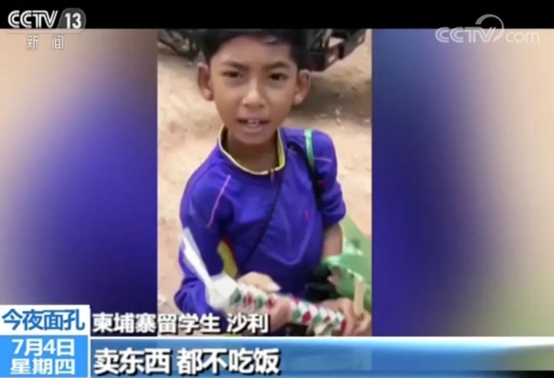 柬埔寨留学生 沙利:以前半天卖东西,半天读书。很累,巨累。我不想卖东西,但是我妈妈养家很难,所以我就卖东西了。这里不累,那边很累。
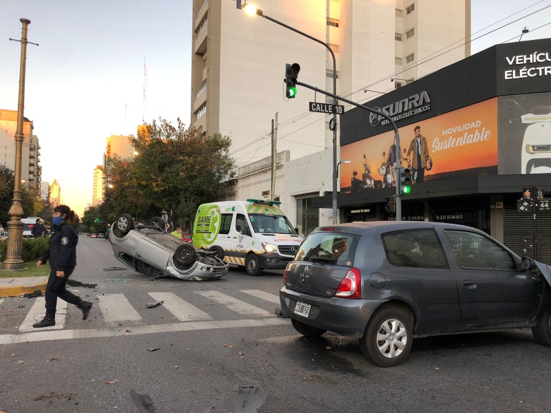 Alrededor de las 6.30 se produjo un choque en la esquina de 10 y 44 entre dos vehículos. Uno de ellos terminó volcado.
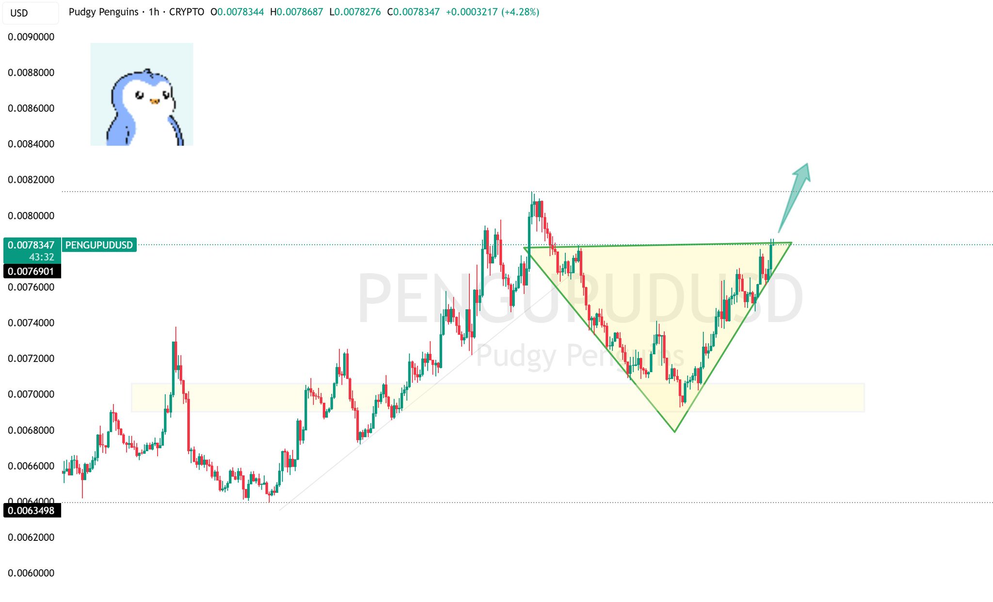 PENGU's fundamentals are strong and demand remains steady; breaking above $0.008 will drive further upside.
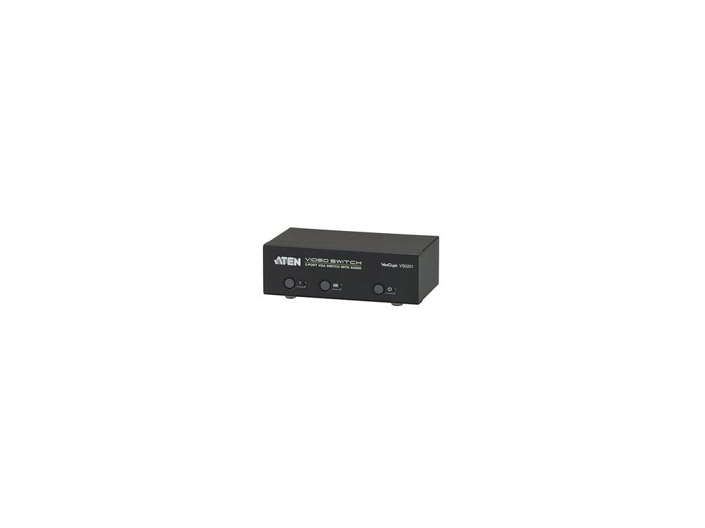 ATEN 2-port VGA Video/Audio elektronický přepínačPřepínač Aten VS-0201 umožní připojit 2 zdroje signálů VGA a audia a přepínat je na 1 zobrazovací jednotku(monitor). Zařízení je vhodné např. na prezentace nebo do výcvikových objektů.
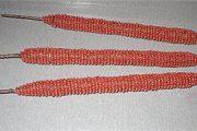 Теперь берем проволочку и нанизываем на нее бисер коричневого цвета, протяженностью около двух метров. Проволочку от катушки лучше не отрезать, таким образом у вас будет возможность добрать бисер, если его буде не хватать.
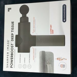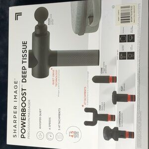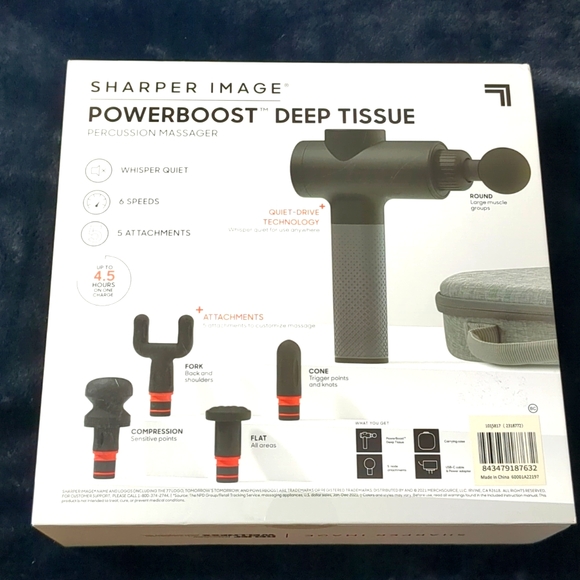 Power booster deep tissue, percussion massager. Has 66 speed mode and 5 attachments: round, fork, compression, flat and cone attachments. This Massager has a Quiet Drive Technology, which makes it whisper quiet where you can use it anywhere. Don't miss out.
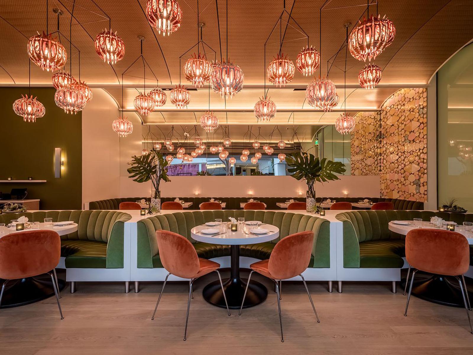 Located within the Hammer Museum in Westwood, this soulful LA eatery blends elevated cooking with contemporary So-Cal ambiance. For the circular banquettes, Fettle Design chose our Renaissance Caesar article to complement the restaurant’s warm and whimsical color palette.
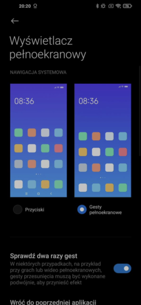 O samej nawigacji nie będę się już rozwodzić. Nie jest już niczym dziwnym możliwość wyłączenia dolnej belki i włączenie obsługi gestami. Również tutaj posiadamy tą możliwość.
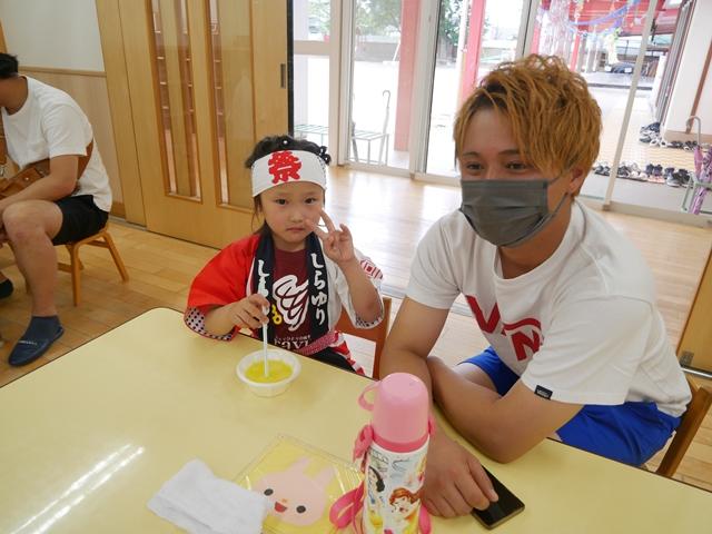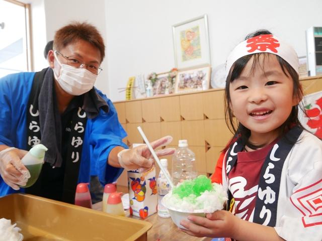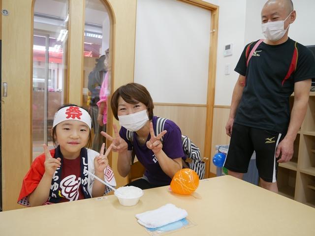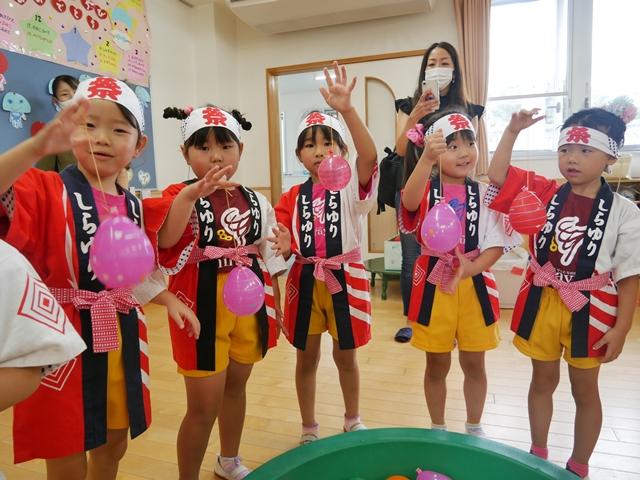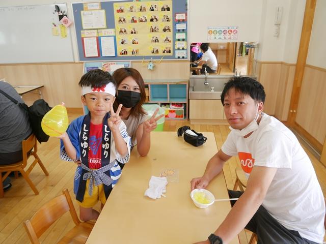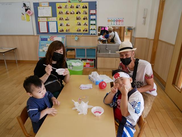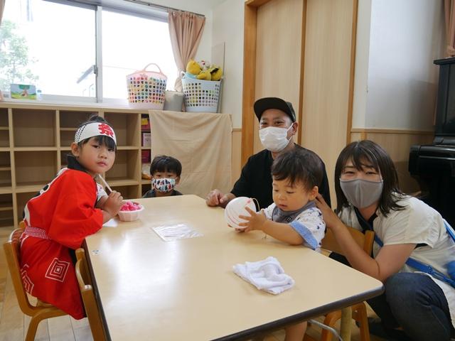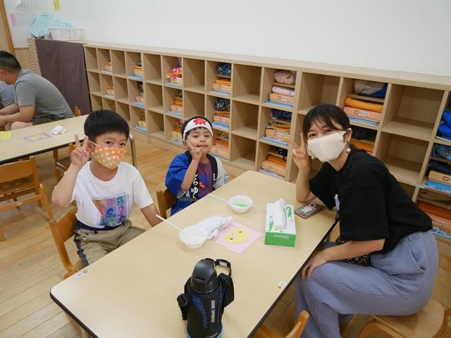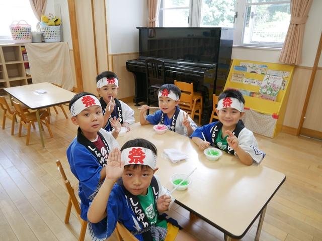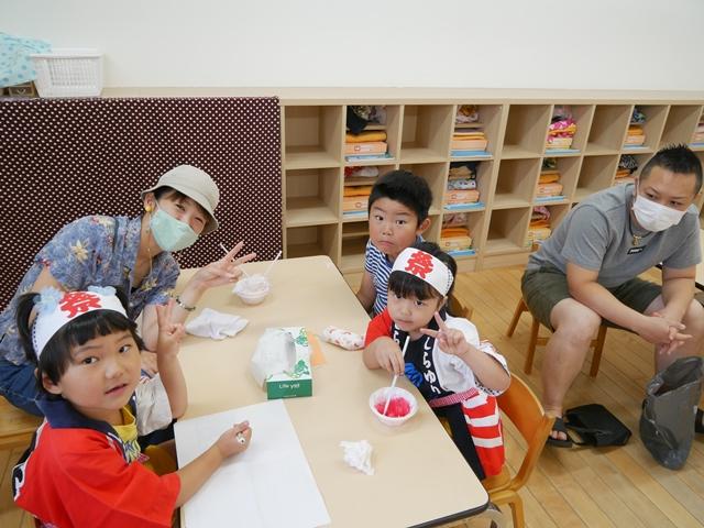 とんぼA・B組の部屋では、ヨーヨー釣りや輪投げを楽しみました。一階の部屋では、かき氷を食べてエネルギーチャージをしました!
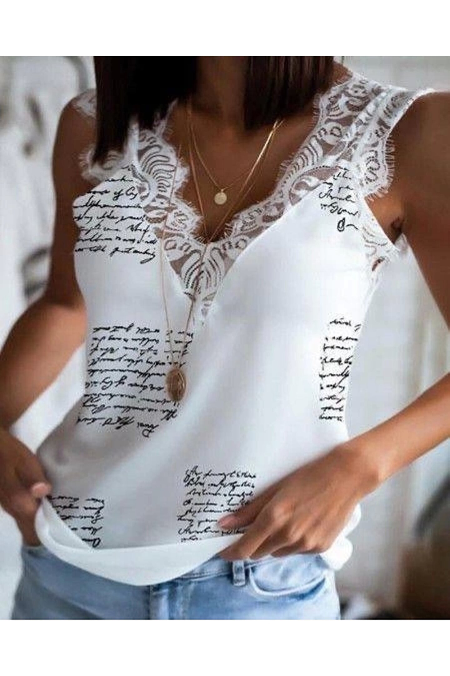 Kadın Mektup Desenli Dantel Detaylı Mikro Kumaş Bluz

━━━━━━━━━━━━━━━━━━━━━━━━━━━━━━

From the line holding "Located within the" to the final line of the data above, give each line again exactly, both ends included, and drop the pictures.

 Located within the Hammer Museum in Westwood, this soulful LA eatery blends elevated cooking with contemporary So-Cal ambiance. For the circular banquettes, Fettle Design chose our Renaissance Caesar article to complement the restaurant’s warm and whimsical color palette.
 O samej nawigacji nie będę się już rozwodzić. Nie jest już niczym dziwnym możliwość wyłączenia dolnej belki i włączenie obsługi gestami. Również tutaj posiadamy tą możliwość.
 とんぼA・B組の部屋では、ヨーヨー釣りや輪投げを楽しみました。一階の部屋では、かき氷を食べてエネルギーチャージをしました!
 Kadın Mektup Desenli Dantel Detaylı Mikro Kumaş Bluz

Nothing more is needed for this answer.